[Directions] Every record below is to be retyped exactly, with any pictures left out.

---------- Task input

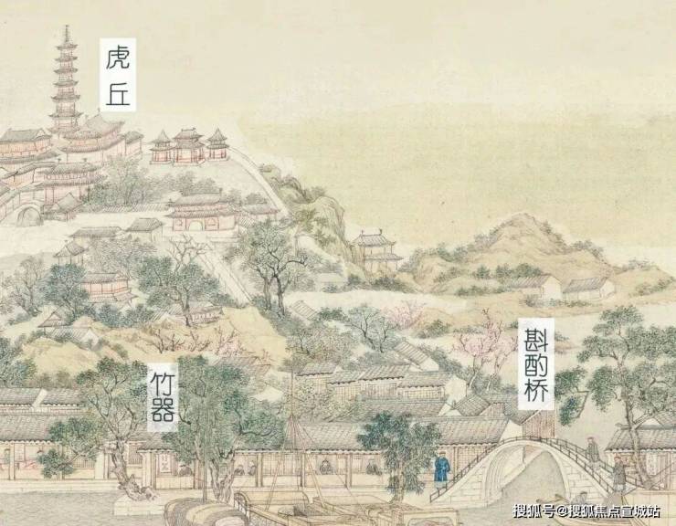康熙年间,论经济发达程度,苏州已经是全国之首。到了乾隆时期,在社会、文化、经济等各方面的发展都达到了顶峰,故此,康熙、乾隆两位皇帝分别六下江南,每次都必定来苏,来苏则必游虎丘,乾隆更是三宿虎丘,可见当时的虎丘,定是姑苏繁盛的中心之处。
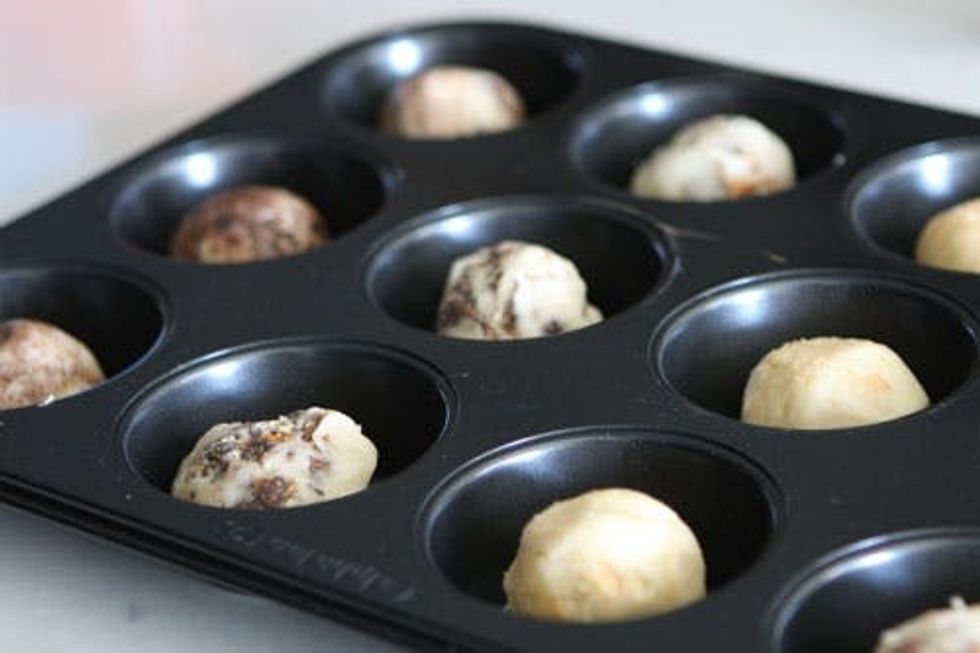 Roll your cookie crumbs into the sliced dough so you form a ball. Place the ball in a lightly oiled muffin pan.
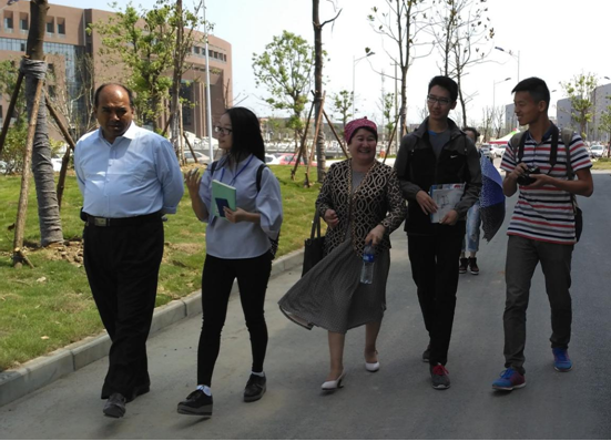 在众多的新生面孔中,来自新疆维吾尔族喀什市的阿布都色麦尔·热依扎一家人引起了记者的注意,阿布都说他和爸爸妈妈9月12日在家过完传统的古尔邦节之后就迫不及待地出发了。虽然旅途劳累,但爸爸妈妈坚持要来看看我的新校园。阿布都的母亲头戴着少数民族特有的纱巾,满满的异域风情,笑着和记者解释:“是我们坚持要来的,一定要来看看儿子的新校园。”临近中午,阿布都表示还没好好地逛逛校园呢,记者义不容辞承担起向导的任务,一路上边看边解释:“新校区的大门分为东西南北四个大门,分别叫做明理门、天工门、百川门、至善门;公共实验楼起名为百川大楼;学院楼西团组分别叫做宁远楼、静远楼、致远楼......。”阿布都对学校的环境、大楼、设施赞不绝口,并笑着说:“真是高端大气上档次,低调奢华有内涵啊!”
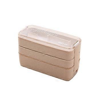 Portable Bento Box, 3-Layers Lunch Box, Beige
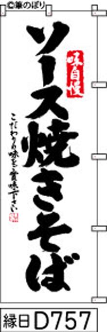 「のぼり 【ソース焼きそば】 白地に黒の手書き筆文字 縁日D757(商標登録番号6807113)」
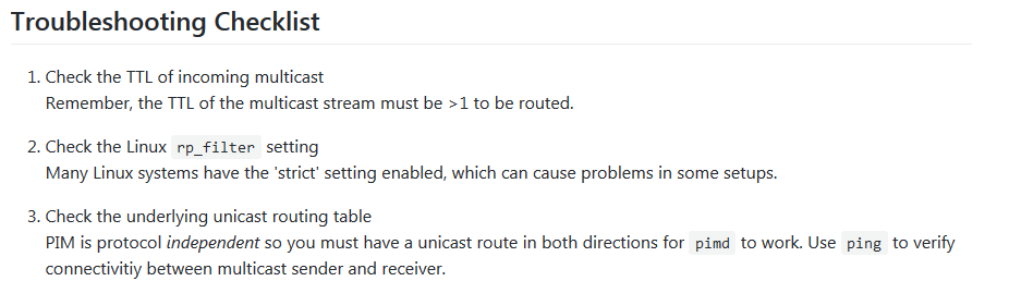 22:50:27.666 For src 169.254.0.1, iif is 1, next hop router is 192.168.1.1: NOT A PIM ROUTER
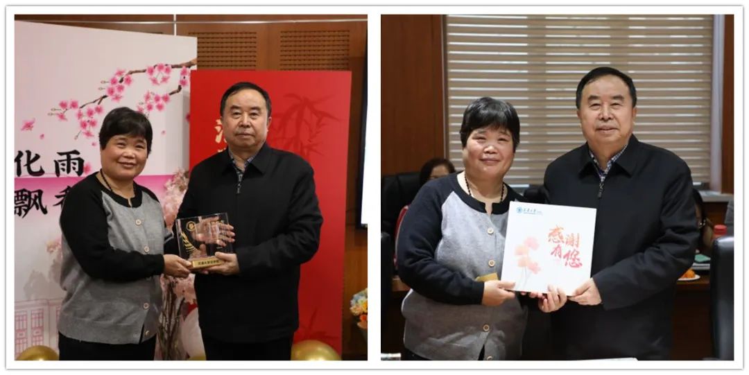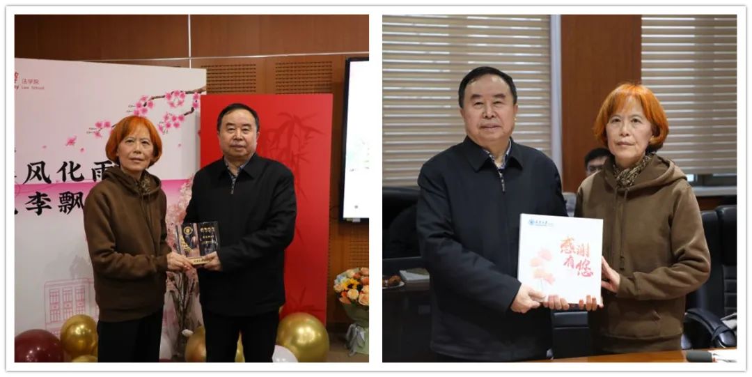 孙佑海院长感谢第三教研组组长李士萍老师和第五教研组薛春丽老师数十年来对学院事业发展的辛勤付出,祝愿两位老师身体健康,欢迎两位老师继续关注学院的发展动态,随时对学院工作提出意见建议。
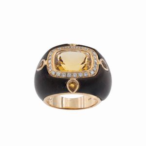 Anello in oro giallo 18kt legno quarzo citrino e diamanti
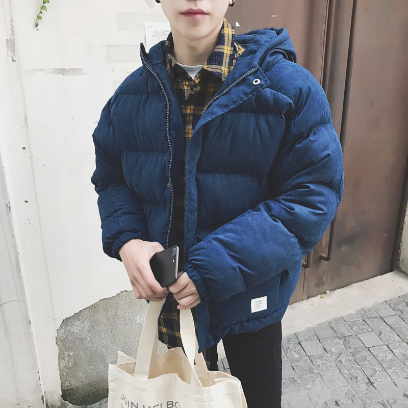 男裝日系復古簡約面包服韓版男士加厚連帽寬松棉衣
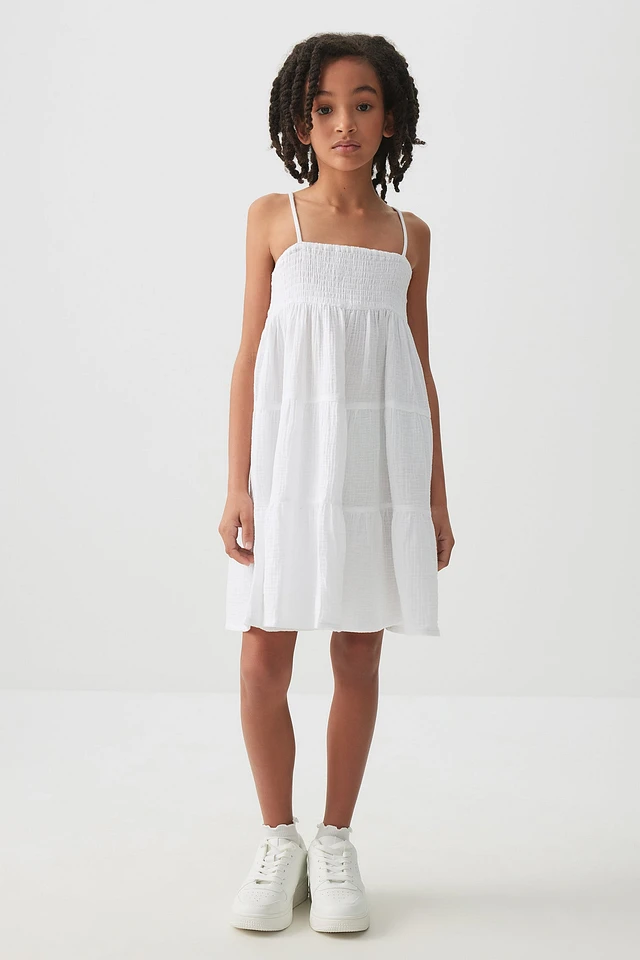 Ardene Kids Smocked Top Tiered Dress in White | Size | 100% Cotton
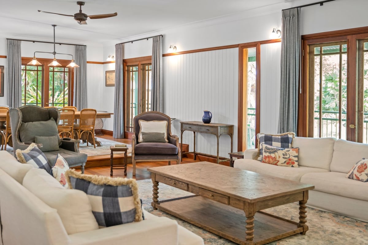 Rangeview Cottage es una hermosa casa de campo tradicional de Queensland de 100 años que se ha reubicado en un rincón tranquilo de nuestra propiedad residencial rural de 2 acres. Ubicada en sus propios jardines, rodeada de árboles establecidos, plantaciones exuberantes y con impresionantes vistas al monte Cooroy. La casa de campo ha sido completamente renovada y cuidadosamente curada con una mezcla ecléctica de piezas vintage y de diseño. El cargo base es para 2 huéspedes. Suplemento por huéspedes adicionales. No se admiten bebés ni niños menores de 12 años.
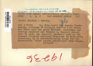 No this isnt Sir Austin Chamberlain although it would be hard to tell which were the great British Statesman and Foreign Minister and Francis A Russell placed side by side. Mr Russell pictured here on the steamer Calawaii arriving from home in Melbourne Australia. He is internationally known for his innumerable shirt sleeve interviews with Kings.
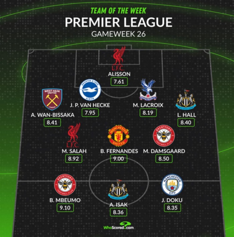 2025-02-24 21:00:20Whoscored評(píng)本輪英超最佳陣:薩拉赫領(lǐng)銜,B費(fèi)、多庫(kù)在列
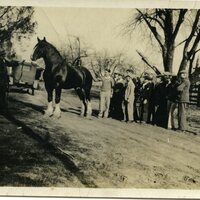 Malone Family, Collection, Photographs, Boys Looking at Clydesdale Horse
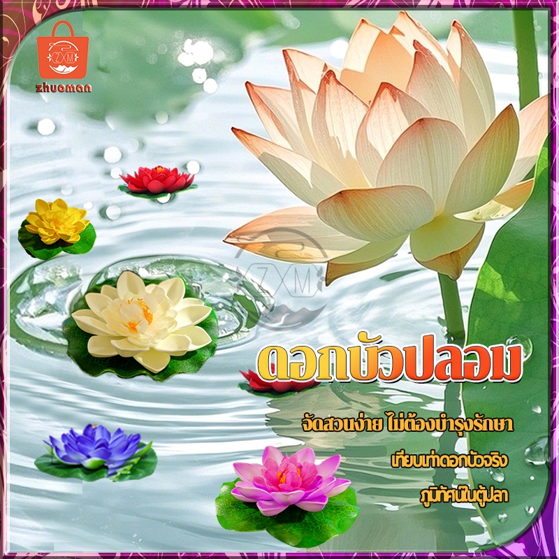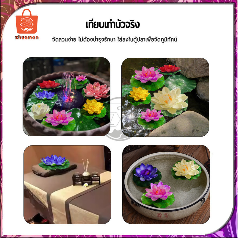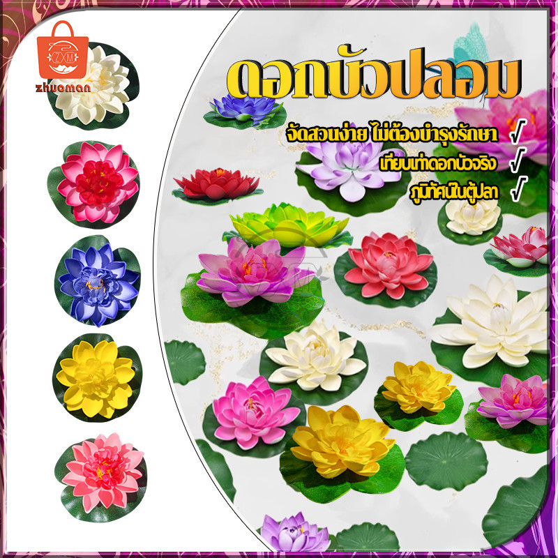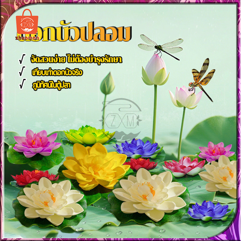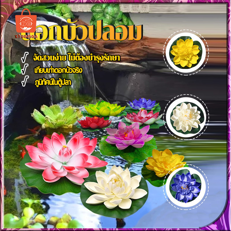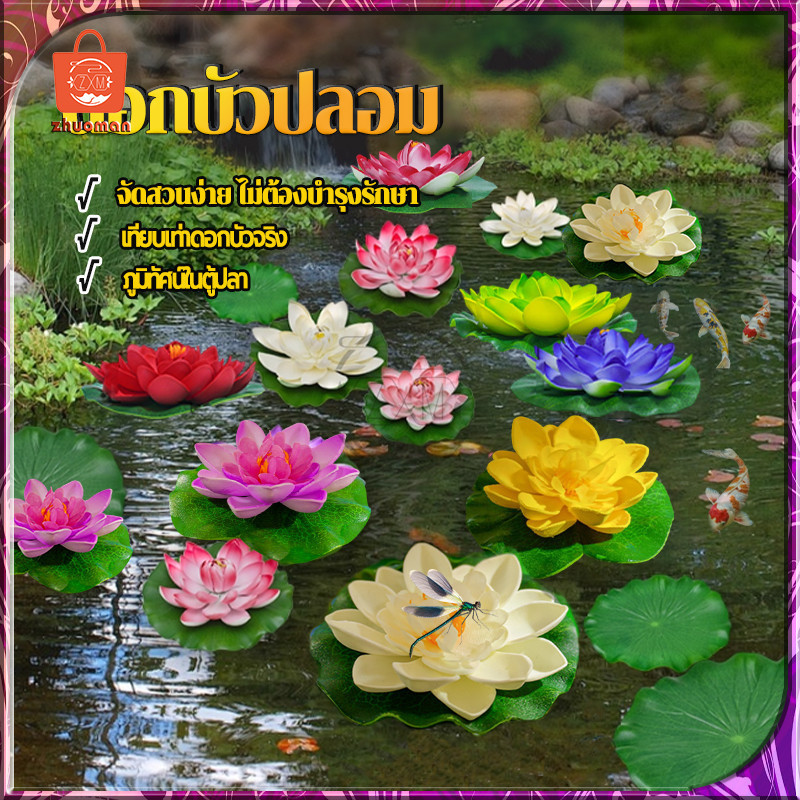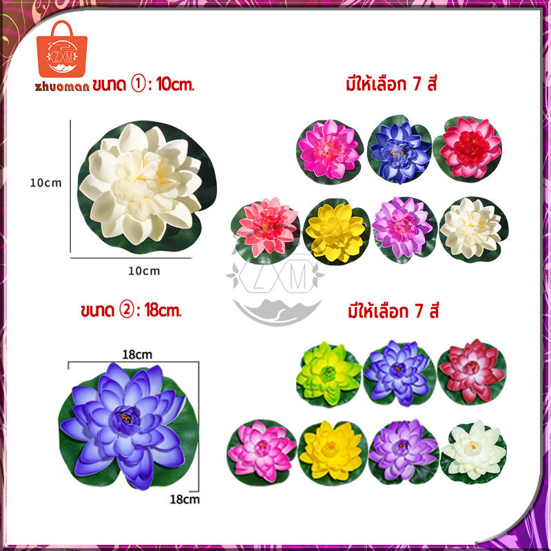 ดอกบัวลอยน้ำ ดอกบัวปลอม 10cm/18cm ดอกบัว ดอกบัวมงคล ใช้ตกแต่งบ่อน้ำ ใบบัวเหมือนจริง ตกแต่งสวน เสริมฮวงจุ้ย สระ 8สี

--------------------

[Answer to the problem]
康熙年间,论经济发达程度,苏州已经是全国之首。到了乾隆时期,在社会、文化、经济等各方面的发展都达到了顶峰,故此,康熙、乾隆两位皇帝分别六下江南,每次都必定来苏,来苏则必游虎丘,乾隆更是三宿虎丘,可见当时的虎丘,定是姑苏繁盛的中心之处。
 Roll your cookie crumbs into the sliced dough so you form a ball. Place the ball in a lightly oiled muffin pan.
 在众多的新生面孔中,来自新疆维吾尔族喀什市的阿布都色麦尔·热依扎一家人引起了记者的注意,阿布都说他和爸爸妈妈9月12日在家过完传统的古尔邦节之后就迫不及待地出发了。虽然旅途劳累,但爸爸妈妈坚持要来看看我的新校园。阿布都的母亲头戴着少数民族特有的纱巾,满满的异域风情,笑着和记者解释:“是我们坚持要来的,一定要来看看儿子的新校园。”临近中午,阿布都表示还没好好地逛逛校园呢,记者义不容辞承担起向导的任务,一路上边看边解释:“新校区的大门分为东西南北四个大门,分别叫做明理门、天工门、百川门、至善门;公共实验楼起名为百川大楼;学院楼西团组分别叫做宁远楼、静远楼、致远楼......。”阿布都对学校的环境、大楼、设施赞不绝口,并笑着说:“真是高端大气上档次,低调奢华有内涵啊!”
 Portable Bento Box, 3-Layers Lunch Box, Beige
 「のぼり 【ソース焼きそば】 白地に黒の手書き筆文字 縁日D757(商標登録番号6807113)」
 22:50:27.666 For src 169.254.0.1, iif is 1, next hop router is 192.168.1.1: NOT A PIM ROUTER
 孙佑海院长感谢第三教研组组长李士萍老师和第五教研组薛春丽老师数十年来对学院事业发展的辛勤付出,祝愿两位老师身体健康,欢迎两位老师继续关注学院的发展动态,随时对学院工作提出意见建议。
 Anello in oro giallo 18kt legno quarzo citrino e diamanti
 男裝日系復古簡約面包服韓版男士加厚連帽寬松棉衣
 Ardene Kids Smocked Top Tiered Dress in White | Size | 100% Cotton
 Rangeview Cottage es una hermosa casa de campo tradicional de Queensland de 100 años que se ha reubicado en un rincón tranquilo de nuestra propiedad residencial rural de 2 acres. Ubicada en sus propios jardines, rodeada de árboles establecidos, plantaciones exuberantes y con impresionantes vistas al monte Cooroy. La casa de campo ha sido completamente renovada y cuidadosamente curada con una mezcla ecléctica de piezas vintage y de diseño. El cargo base es para 2 huéspedes. Suplemento por huéspedes adicionales. No se admiten bebés ni niños menores de 12 años.
 No this isnt Sir Austin Chamberlain although it would be hard to tell which were the great British Statesman and Foreign Minister and Francis A Russell placed side by side. Mr Russell pictured here on the steamer Calawaii arriving from home in Melbourne Australia. He is internationally known for his innumerable shirt sleeve interviews with Kings.
 2025-02-24 21:00:20Whoscored評(píng)本輪英超最佳陣:薩拉赫領(lǐng)銜,B費(fèi)、多庫(kù)在列
 Malone Family, Collection, Photographs, Boys Looking at Clydesdale Horse
 ดอกบัวลอยน้ำ ดอกบัวปลอม 10cm/18cm ดอกบัว ดอกบัวมงคล ใช้ตกแต่งบ่อน้ำ ใบบัวเหมือนจริง ตกแต่งสวน เสริมฮวงจุ้ย สระ 8สี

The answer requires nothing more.